=== Section Start ===
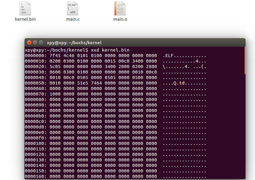 在kernel文件夹下打开终端输入命令:xxd kernel.bin 查看内核二进制文件的信息:
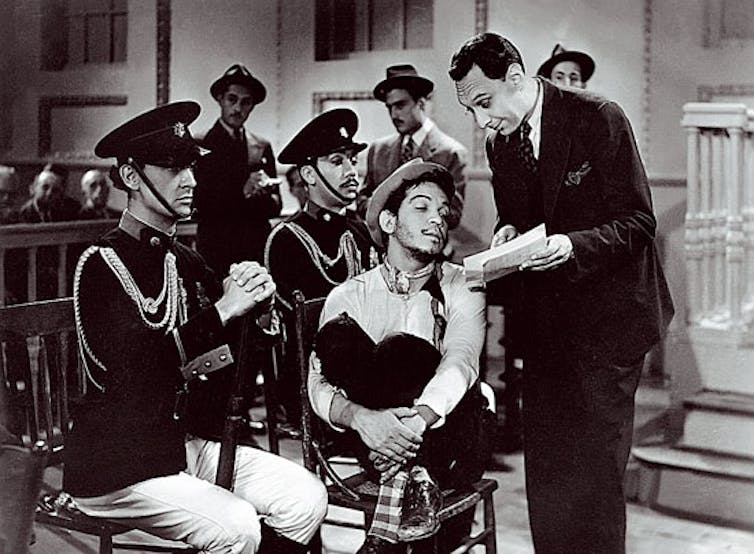 Fotograma de la escena de juicio en Ahí está el detalle, de 1940.
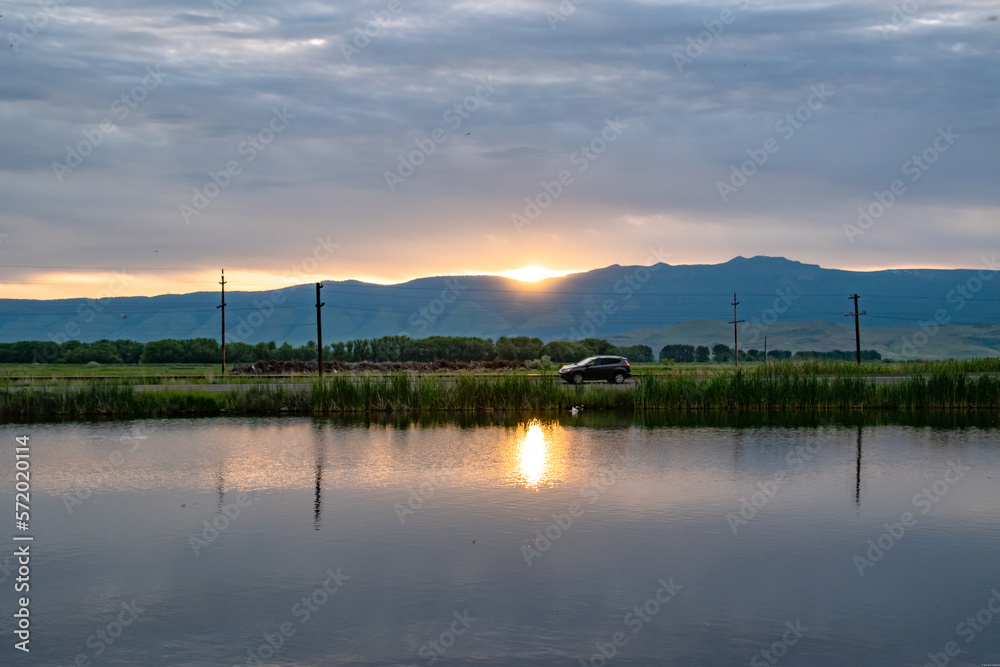 Sunrise Peaking Over Wallowa Mountain Range Reflecting Off Rural Lake in Eastern Oregon
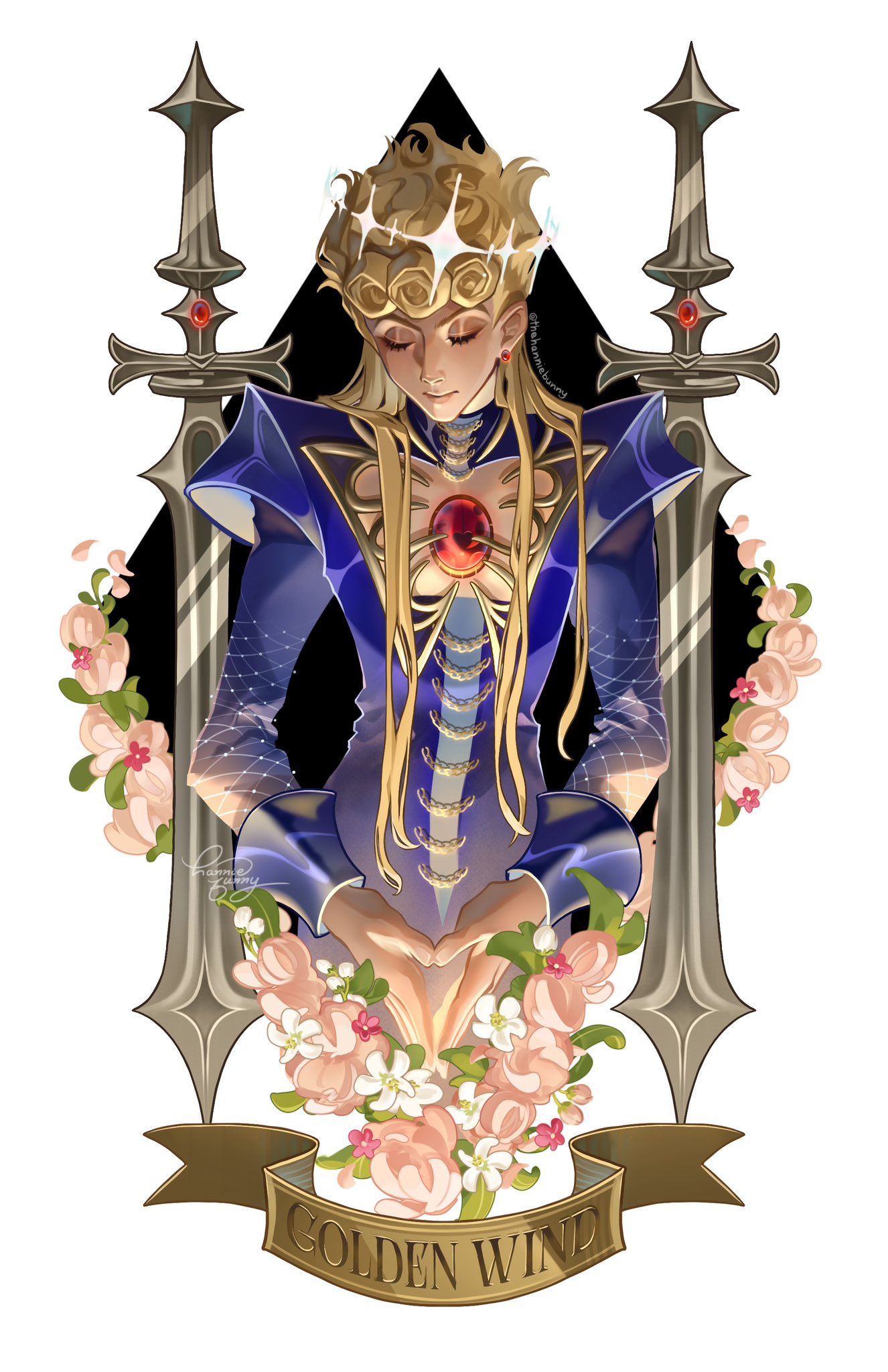 1boyalternate costumealternate hairstyleblonde hairbraidcleavage cutoutclosed eyesclosed mouthclothing cutoutcrownearringsenglish textflowerhair downjewelryladybug ornamentlong hairlong sleevesmale focusown hands togetherpink flowersimple backgroundsmilesoloswordupper bodyweaponwhite backgroundwhite flower
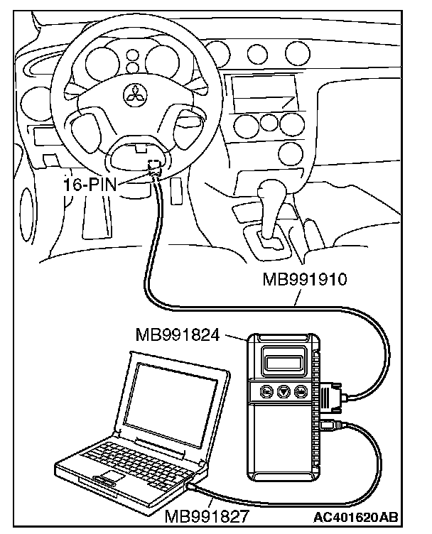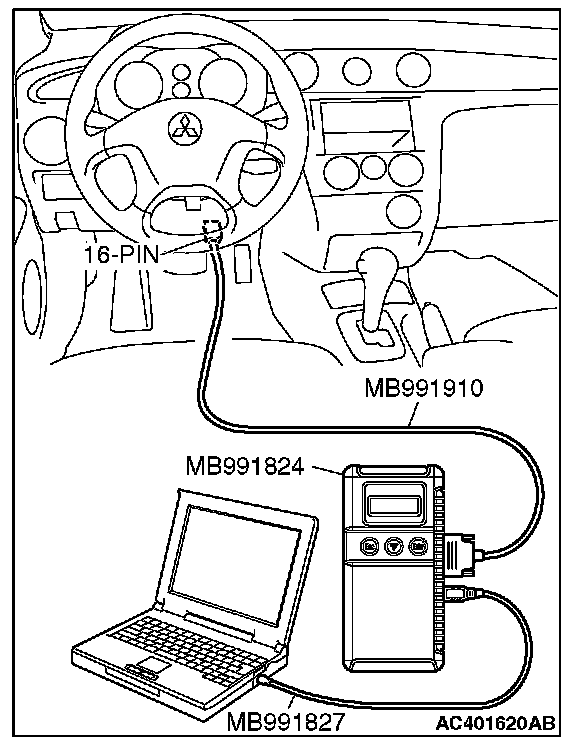 1. Connect scan tool MB991958 to the data link connector.
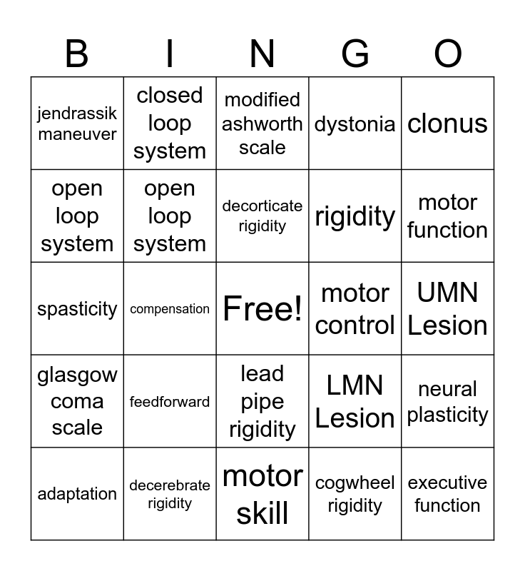 This bingo card has a free space and 26 words: lead pipe rigidity, cogwheel rigidity, decorticate rigidity, decerebrate rigidity, clonus, jendrassik maneuver, open loop system, closed loop system, UMN Lesion, LMN Lesion, rigidity, spasticity, neural plasticity, adaptation, compensation, substitution, dystonia, glasgow coma scale, modified ashworth scale, executive function, motor function, motor skill, motor control, feedforward, open loop system and closed loop system.
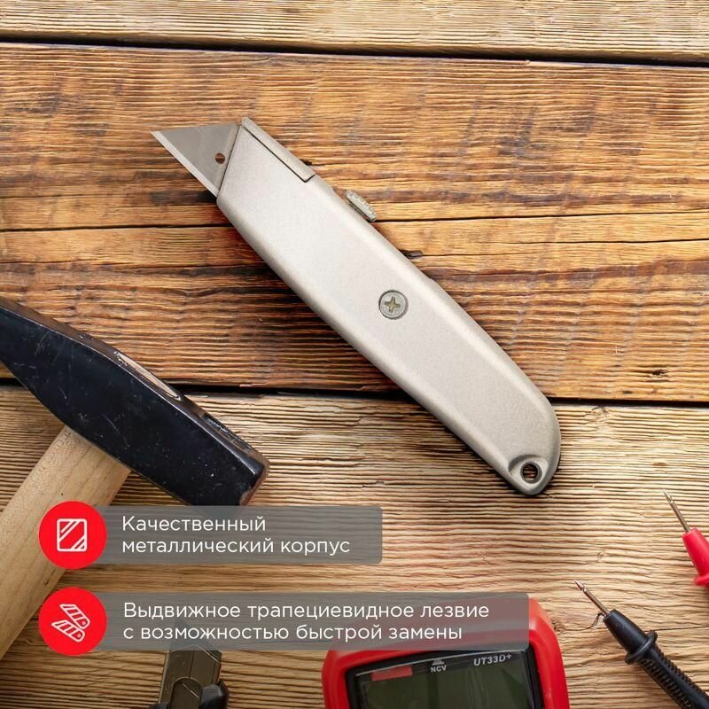 Нож с трапециевидным 15 мм выдвижным лезвием Rexant 12-4907 интересное:
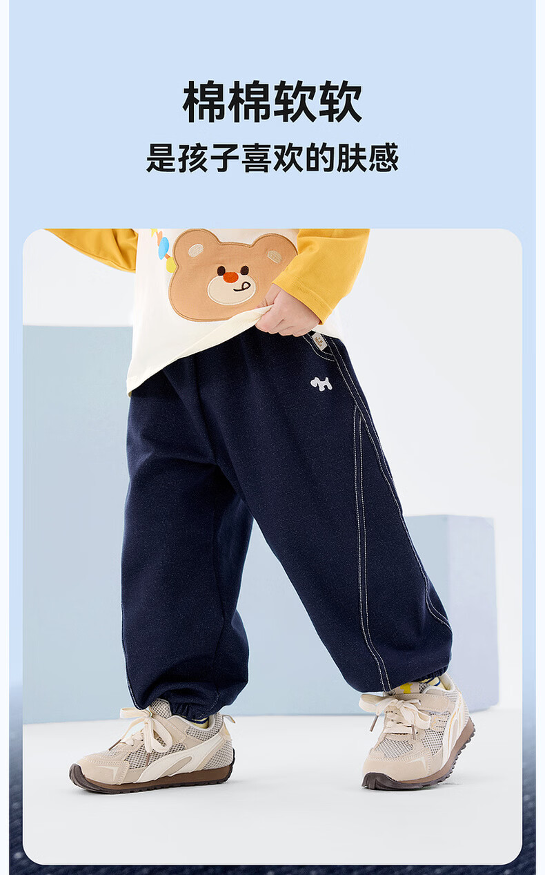 嘟嘟家【软牛仔】儿童牛仔裤春款宝宝裤子春装男童长裤休闲女童童装衣服 藏青色 100
=== Section End ===
# WHAT YOU SHOULD DO:
Please set down exactly the lines from the one holding "Sunrise Peaking Over" through the last line of the entries, both ends included, and skip pictures.

# RESPONSE FOR THIS EXERCISE:
 Sunrise Peaking Over Wallowa Mountain Range Reflecting Off Rural Lake in Eastern Oregon
 1boyalternate costumealternate hairstyleblonde hairbraidcleavage cutoutclosed eyesclosed mouthclothing cutoutcrownearringsenglish textflowerhair downjewelryladybug ornamentlong hairlong sleevesmale focusown hands togetherpink flowersimple backgroundsmilesoloswordupper bodyweaponwhite backgroundwhite flower
 1. Connect scan tool MB991958 to the data link connector.
 This bingo card has a free space and 26 words: lead pipe rigidity, cogwheel rigidity, decorticate rigidity, decerebrate rigidity, clonus, jendrassik maneuver, open loop system, closed loop system, UMN Lesion, LMN Lesion, rigidity, spasticity, neural plasticity, adaptation, compensation, substitution, dystonia, glasgow coma scale, modified ashworth scale, executive function, motor function, motor skill, motor control, feedforward, open loop system and closed loop system.
 Нож с трапециевидным 15 мм выдвижным лезвием Rexant 12-4907 интересное:
 嘟嘟家【软牛仔】儿童牛仔裤春款宝宝裤子春装男童长裤休闲女童童装衣服 藏青色 100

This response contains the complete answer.